Your objective: Exactly reproduce the lines of the listing below from the one containing "Luzes de Halloween" through the one containing "Poland has also". Skip the images.

*** Opening of Records for processing ***

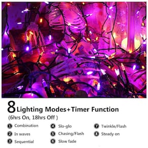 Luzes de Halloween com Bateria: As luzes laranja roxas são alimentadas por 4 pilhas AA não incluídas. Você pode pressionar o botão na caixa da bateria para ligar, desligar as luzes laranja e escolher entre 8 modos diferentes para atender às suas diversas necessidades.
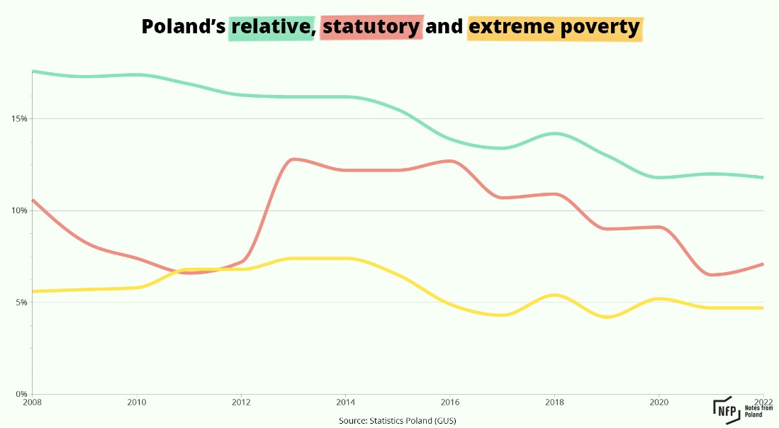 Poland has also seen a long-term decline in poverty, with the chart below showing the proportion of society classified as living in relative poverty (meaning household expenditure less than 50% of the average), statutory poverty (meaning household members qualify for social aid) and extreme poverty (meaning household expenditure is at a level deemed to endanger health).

*** Close of Records for processing ***
*** Opening of Records for processing ***

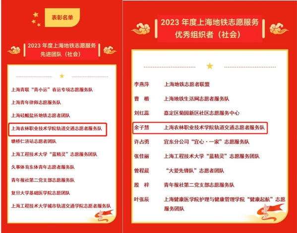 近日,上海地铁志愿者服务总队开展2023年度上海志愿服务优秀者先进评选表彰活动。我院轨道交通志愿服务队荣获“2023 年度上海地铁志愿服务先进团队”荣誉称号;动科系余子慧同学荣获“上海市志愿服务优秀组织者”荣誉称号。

*** Close of Records for processing ***

Problem solution:
 Luzes de Halloween com Bateria: As luzes laranja roxas são alimentadas por 4 pilhas AA não incluídas. Você pode pressionar o botão na caixa da bateria para ligar, desligar as luzes laranja e escolher entre 8 modos diferentes para atender às suas diversas necessidades.
 Poland has also seen a long-term decline in poverty, with the chart below showing the proportion of society classified as living in relative poverty (meaning household expenditure less than 50% of the average), statutory poverty (meaning household members qualify for social aid) and extreme poverty (meaning household expenditure is at a level deemed to endanger health).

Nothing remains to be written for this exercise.